WHAT YOU NEED TO DO >> Would you reproduce the data below exactly, please, leaving out its images?

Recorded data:
........

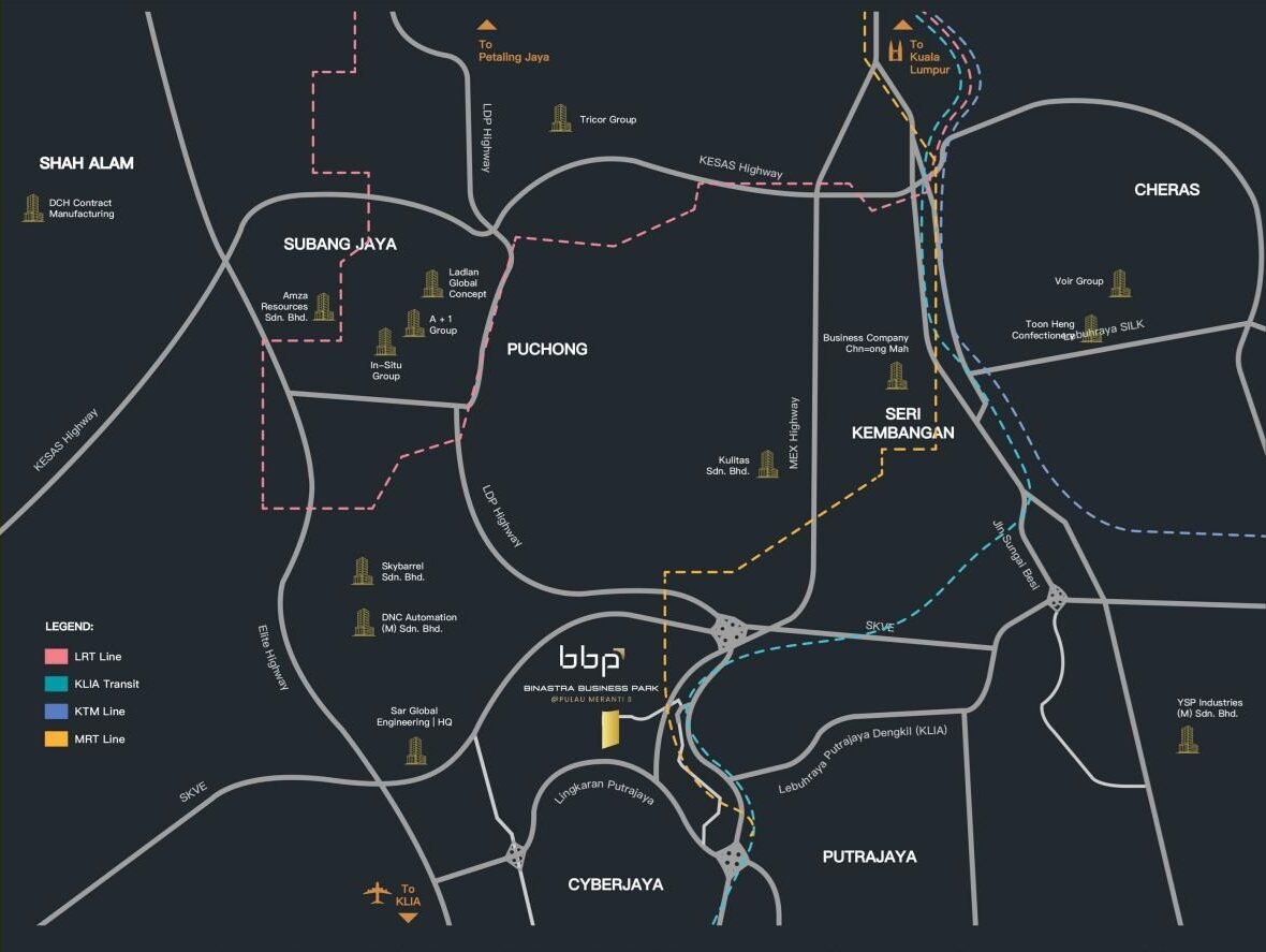 PUCHONG PULAU MERANTI well-connected to major highways including LDP, SKVE, and MEX, offering easy routes to key areas in Klang Valley.
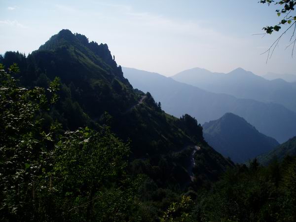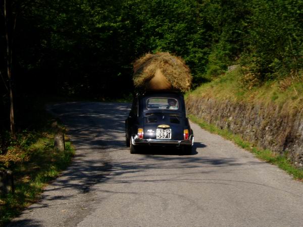 Das Frühstück ließen wir uns in aller Ruhe schmecken und nach der Anstrengung am vorherigen Tag hatten alle keine Eile. Ich las den Corriere della Sera in dem die Schlagzeile lautete: Hitzerekord! In Mailand und Turin hatte es 39°C gehabt, die gefühlte Temperatur betrug aber wegen der hohen Luftfeuchte über 50°C! Das Gute an dieser Nachricht war, dass es wohl die nächsten Tage sehr schön sein würde, das Schlechte daran, dass die Temperaturen kaum sinken würden. Die Gruppe A bestand wieder aus Johannes, Ralf und mir, Erich war nicht aufgetaucht, ein Kontrollanruf bei ihm zuhause erbrachte dass er noch in Bozen saß und auf einen neuen Anlasser wartete, der bald eintreffen sollte. Um halb zehn ging es endlich los, zunächst auf die andere Seeseite nach Anfo und dann hoch zum Passo del Maniva. Wie am Vortag ging es gleich richtig los, Kurve an Kurve windet sich das Teersträßchen den Berg hinauf, unterhalb der Idrosee, auf den man eine tolle Aussicht hat. Unterwegs fuhren wir hinter einem alten 500er FIAT hinterher, der nicht nur drei Personen den Berg hinaufbringen musste, nein, sondern auch noch auf dem Dach einen riesigen Heuballen gebunden hatte!
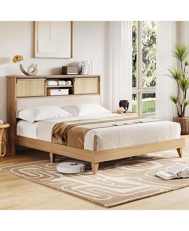 gaomon Queen Size Bed Frame with Natural Rattan Headboard & Integrated Led Lights
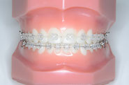 顎矯正手術を行う病院で顎変形症であると診断されたのち、矯正歯科クリニックで健康保険のもと術前矯正治療が開始されます。マルチブラケット装置を用います。よく質問を受けますが、当院の矯正装置はほぼクリアーな透明色のブラケットを前歯から小臼歯部まで使用しています。前歯に金属ブラケットを用いることはございません。健康保険の適応です。
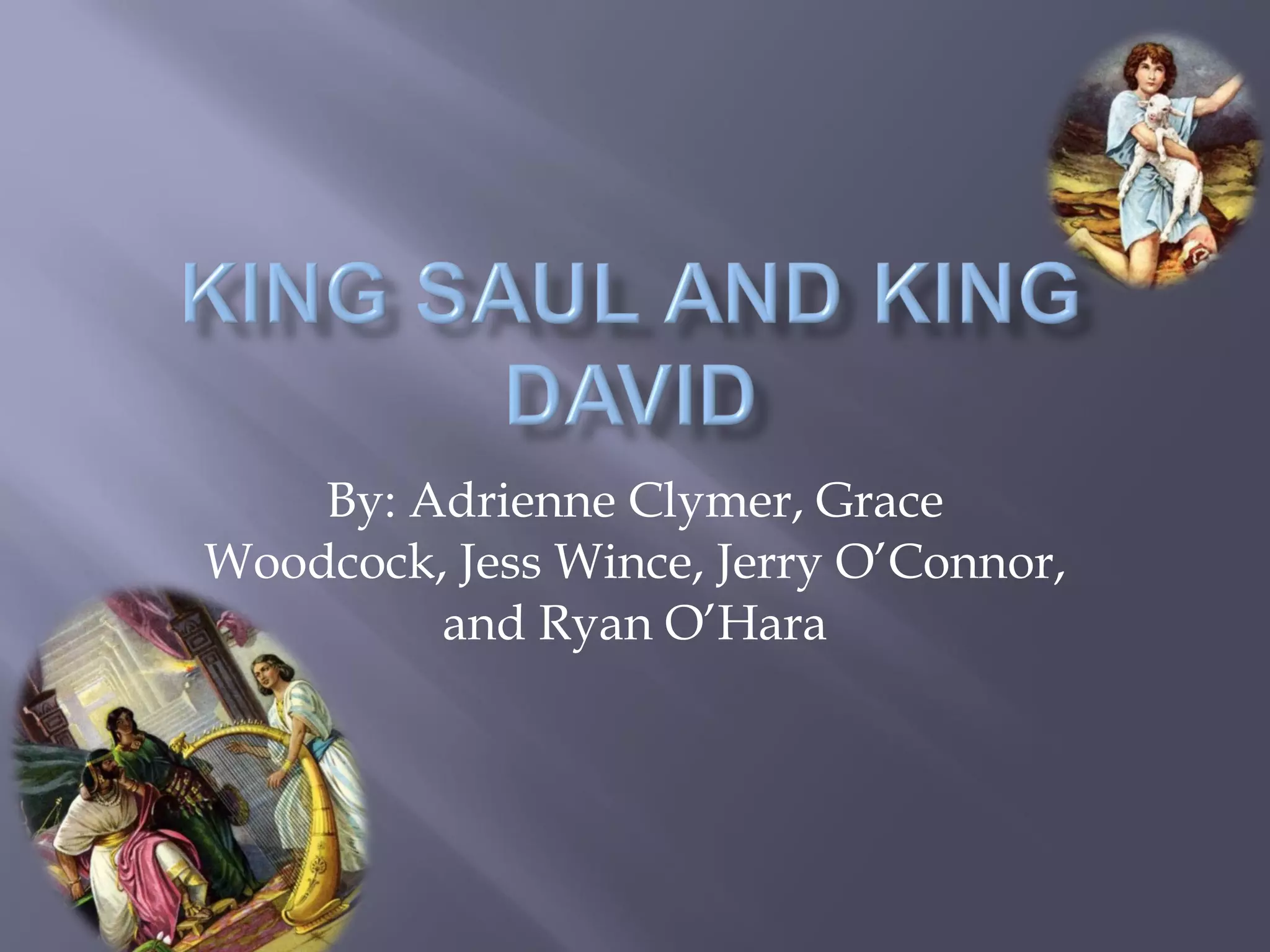 1) Samuel anoints David as the future king of Israel even though Saul is still king. David proves himself against Goliath and plays music to ease Saul's mood, but Saul grows jealous of David's popularity.
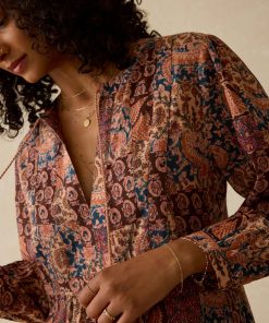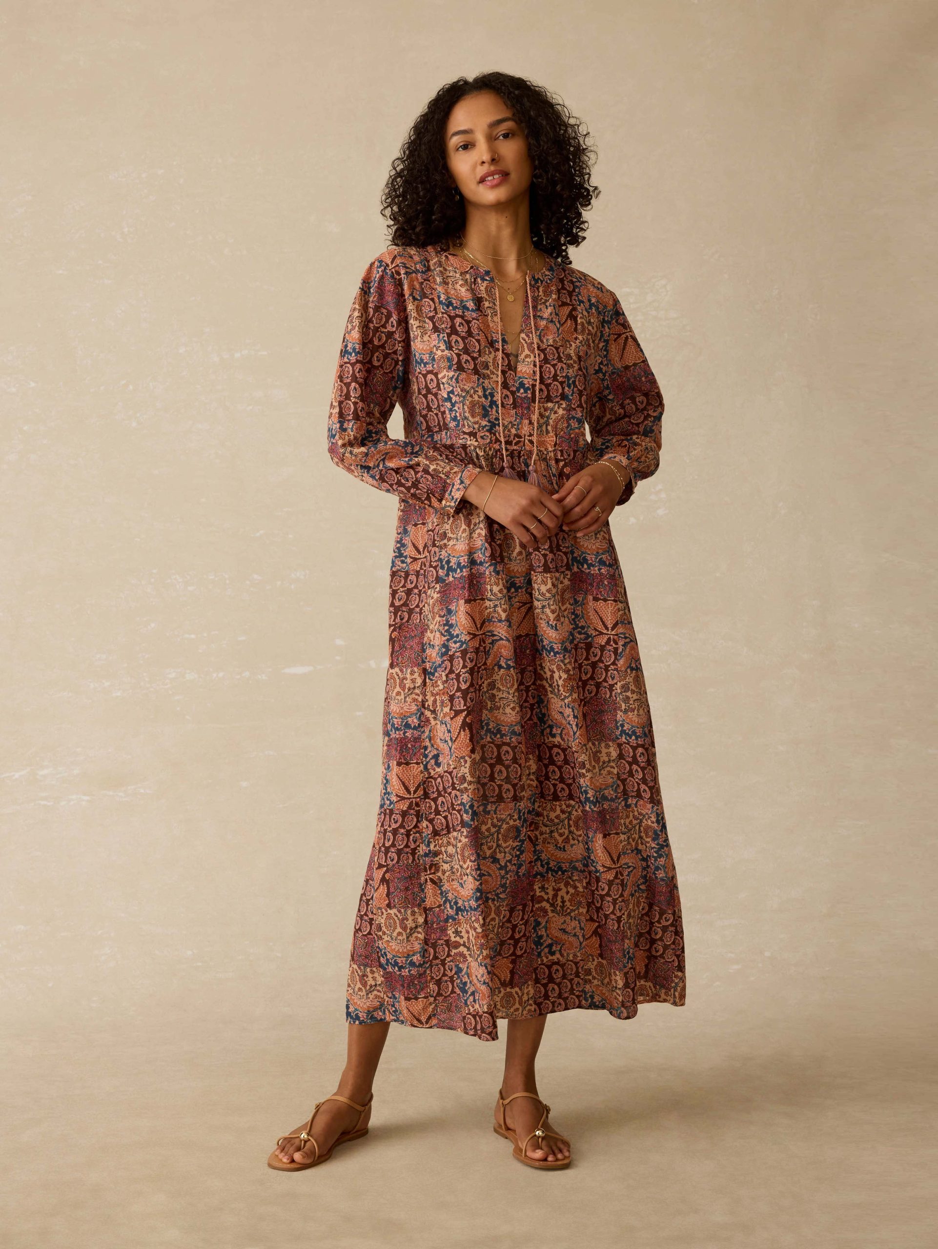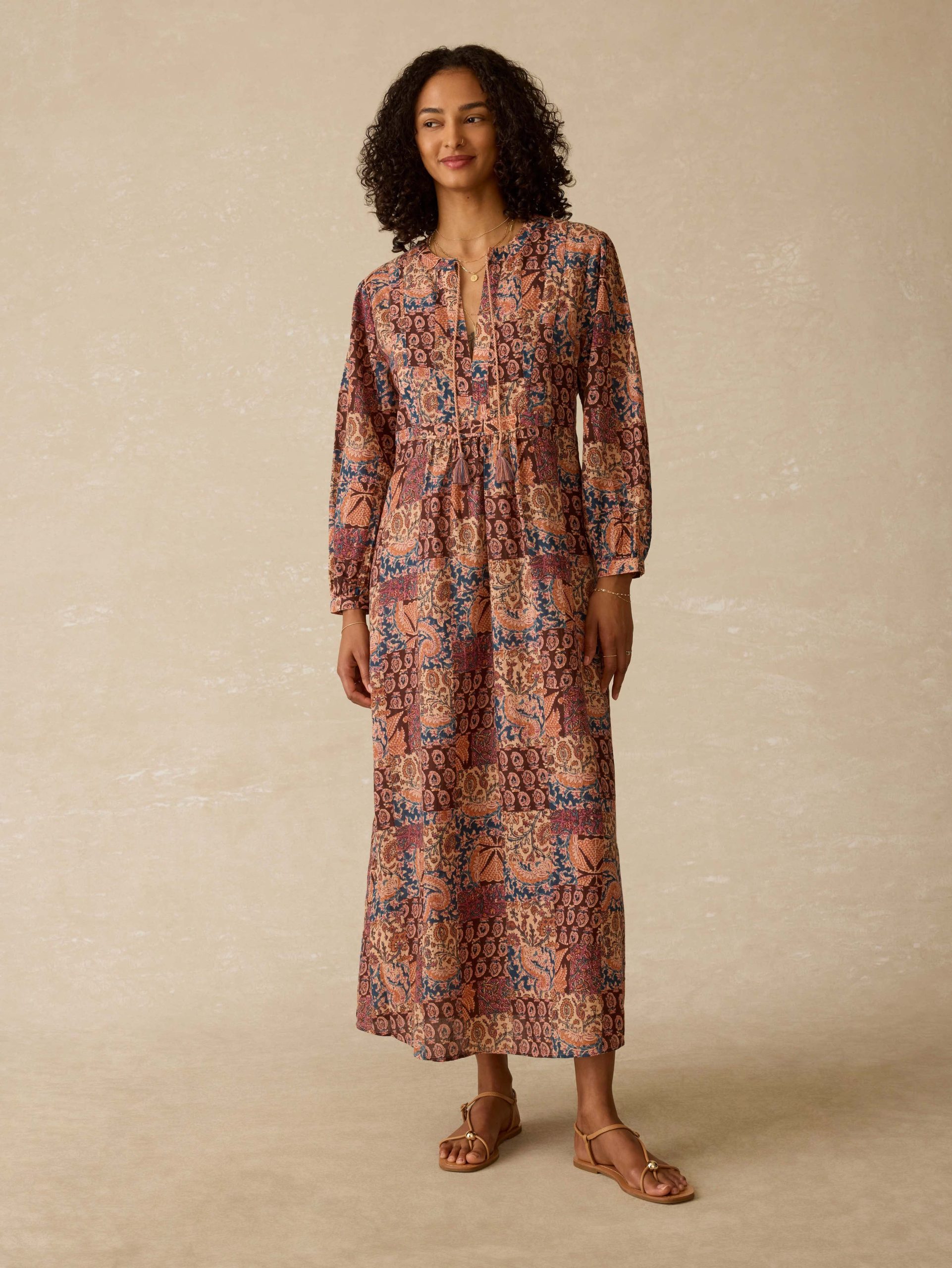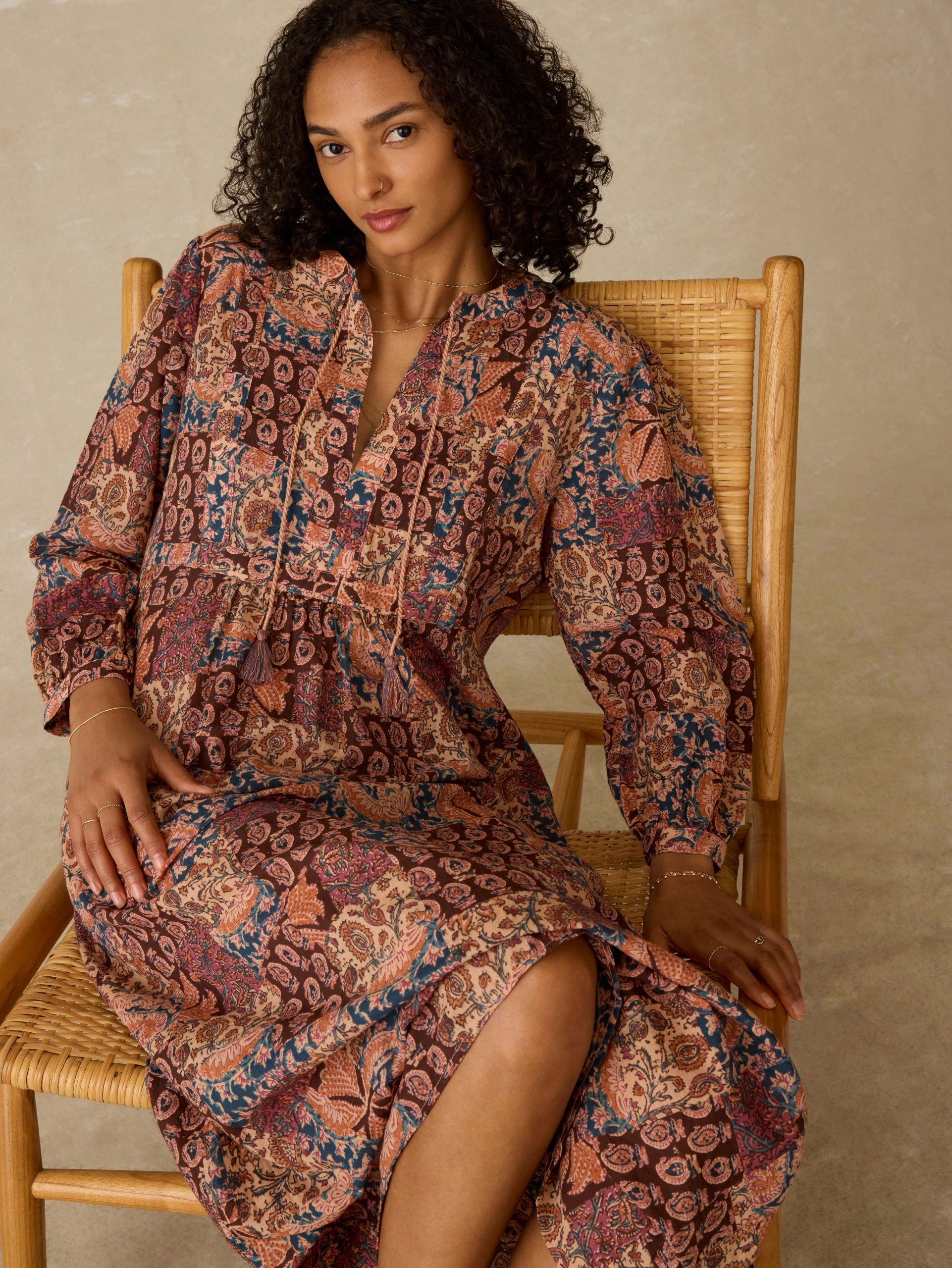Lightweight, breathable, and effortlessly charming—this cotton cover-up is your go-to from sunup to sundown. Featuring a vintage-inspired patchwork print and whimsical tassel ties at the waist, it’s finished with shell buttons at the cuffs for an easy, polished touch. Just toss it on and go.

........

TASK RESULT >>
 PUCHONG PULAU MERANTI well-connected to major highways including LDP, SKVE, and MEX, offering easy routes to key areas in Klang Valley.
 Das Frühstück ließen wir uns in aller Ruhe schmecken und nach der Anstrengung am vorherigen Tag hatten alle keine Eile. Ich las den Corriere della Sera in dem die Schlagzeile lautete: Hitzerekord! In Mailand und Turin hatte es 39°C gehabt, die gefühlte Temperatur betrug aber wegen der hohen Luftfeuchte über 50°C! Das Gute an dieser Nachricht war, dass es wohl die nächsten Tage sehr schön sein würde, das Schlechte daran, dass die Temperaturen kaum sinken würden. Die Gruppe A bestand wieder aus Johannes, Ralf und mir, Erich war nicht aufgetaucht, ein Kontrollanruf bei ihm zuhause erbrachte dass er noch in Bozen saß und auf einen neuen Anlasser wartete, der bald eintreffen sollte. Um halb zehn ging es endlich los, zunächst auf die andere Seeseite nach Anfo und dann hoch zum Passo del Maniva. Wie am Vortag ging es gleich richtig los, Kurve an Kurve windet sich das Teersträßchen den Berg hinauf, unterhalb der Idrosee, auf den man eine tolle Aussicht hat. Unterwegs fuhren wir hinter einem alten 500er FIAT hinterher, der nicht nur drei Personen den Berg hinaufbringen musste, nein, sondern auch noch auf dem Dach einen riesigen Heuballen gebunden hatte!
 gaomon Queen Size Bed Frame with Natural Rattan Headboard & Integrated Led Lights
 顎矯正手術を行う病院で顎変形症であると診断されたのち、矯正歯科クリニックで健康保険のもと術前矯正治療が開始されます。マルチブラケット装置を用います。よく質問を受けますが、当院の矯正装置はほぼクリアーな透明色のブラケットを前歯から小臼歯部まで使用しています。前歯に金属ブラケットを用いることはございません。健康保険の適応です。
 1) Samuel anoints David as the future king of Israel even though Saul is still king. David proves himself against Goliath and plays music to ease Saul's mood, but Saul grows jealous of David's popularity.
Lightweight, breathable, and effortlessly charming—this cotton cover-up is your go-to from sunup to sundown. Featuring a vintage-inspired patchwork print and whimsical tassel ties at the waist, it’s finished with shell buttons at the cuffs for an easy, polished touch. Just toss it on and go.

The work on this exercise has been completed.